Certainly, attention at the moment is on Europe – and European governments’ messy and discordant responses. But the problem is a global one.

Europe is undoubtedly over-whelmed by the number of people seeking entry, the breakdown of the “Schengen” border-free system and the need to rapidly craft a new and more intelligent asylum and immigration policy.

But what about others? Where is the compassionate global response that could be expected, especially from Muslim Middle Eastern nations which have taken only a few escapees from the brutal conflict in Syria. Saudi Arabia has offered Germany funds to build 200 mosques. Hopefully, Berlin will say no.

Japan took in eleven asylum seekers last year although Tokyo faces labour shortages and the huge problem of an ageing population. The US has been slow and lumbering in its decision to take in more Syrians, although Washington has now said it will accept 85,000 refugees from around the world next year, up from 70,000, and that total would rise to 100,000 in 2017. Many, though not all, of the additional refugees would be Syrian, with others coming from strife-torn areas of Africa. The White House had previously announced it intended to take in 10,000 additional Syrian refugees over the next year.

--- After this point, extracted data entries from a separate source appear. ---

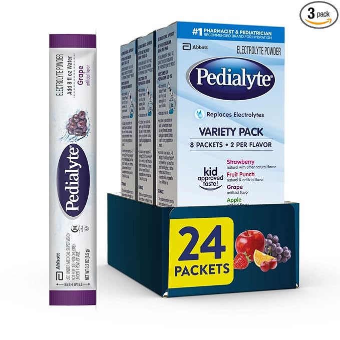 Pedialyte Electrolyte Powder, Hydration Drink for Kids & Adults, Variety Pack: Strawberry, Fruit Punch, Grape, and Apple, 24 Powder Packets
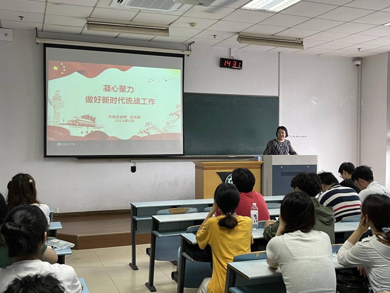 在三江楼0202教室举办统一战线专题讲座。本次讲座邀请到江苏大学党委统战部副部长倪鸿燕主讲,活动由bet365博彩
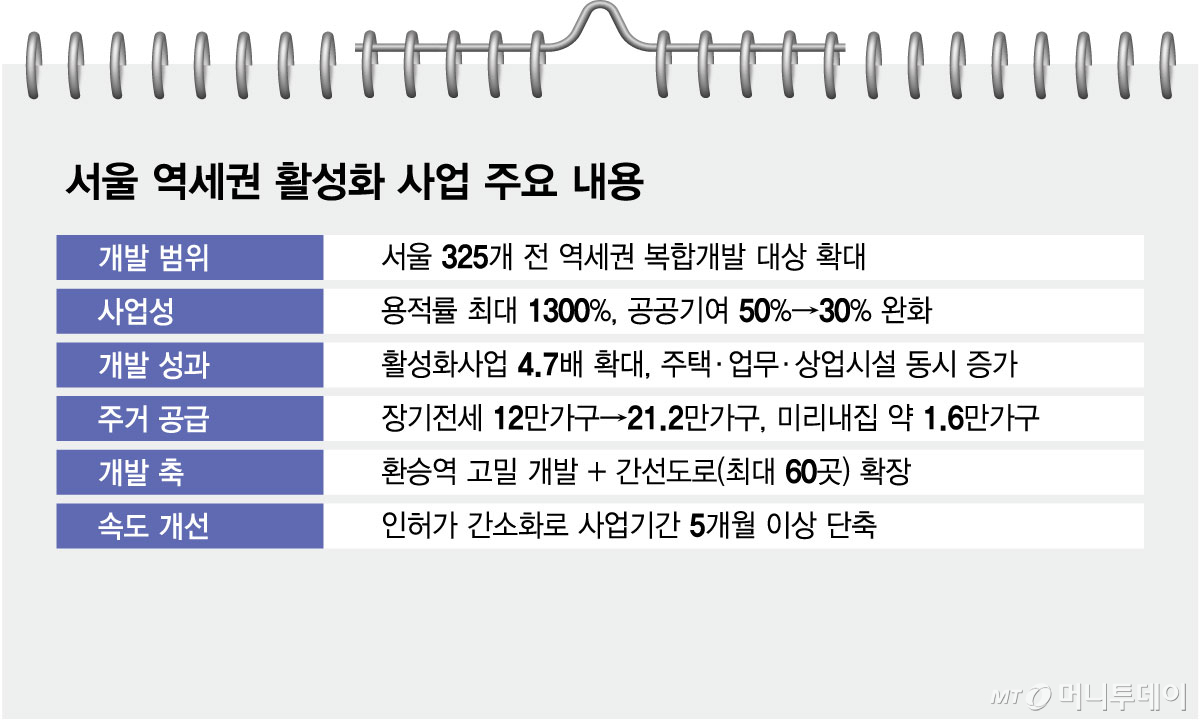 서울시가 시내 325개 전역세권을 대상으로 고밀·복합개발을 전면허용한다. 그동안 강남권에 치우쳤던 도시개발의 핵심축을 동북권, 서북권, 서남권 등 비강남 역세권 중심으로 분산·확장해 나간다는 전략이다.

Little can be expected meanwhile from Southeast Asian countries which were at loggerheads only a few months ago over their reluctance to house the Rohingya fleeing ethnic strife in Myanmar.

The problem won’t go away, however. The UNHCR has warned that worldwide displacement is at the highest level ever recorded, with the number of people forcibly displaced at the end of 2014 rising to a staggering 59.5 million compared to 51.2 million a year earlier and 37.5 million a decade ago.

The increase represents the biggest leap ever seen in a single year. Moreover, the report said the situation was likely to worsen still further. Since early 2011, the main reason for the acceleration has been the war in Syria, now the world’s single-largest driver of displacement.

The refugee crisis presents the UN and the SDGs with an important test.  Leaders should know that their speeches and all references to a better world will be meaningless unless the new set of global development priorities also help tackle the reasons behind the global refugee crisis.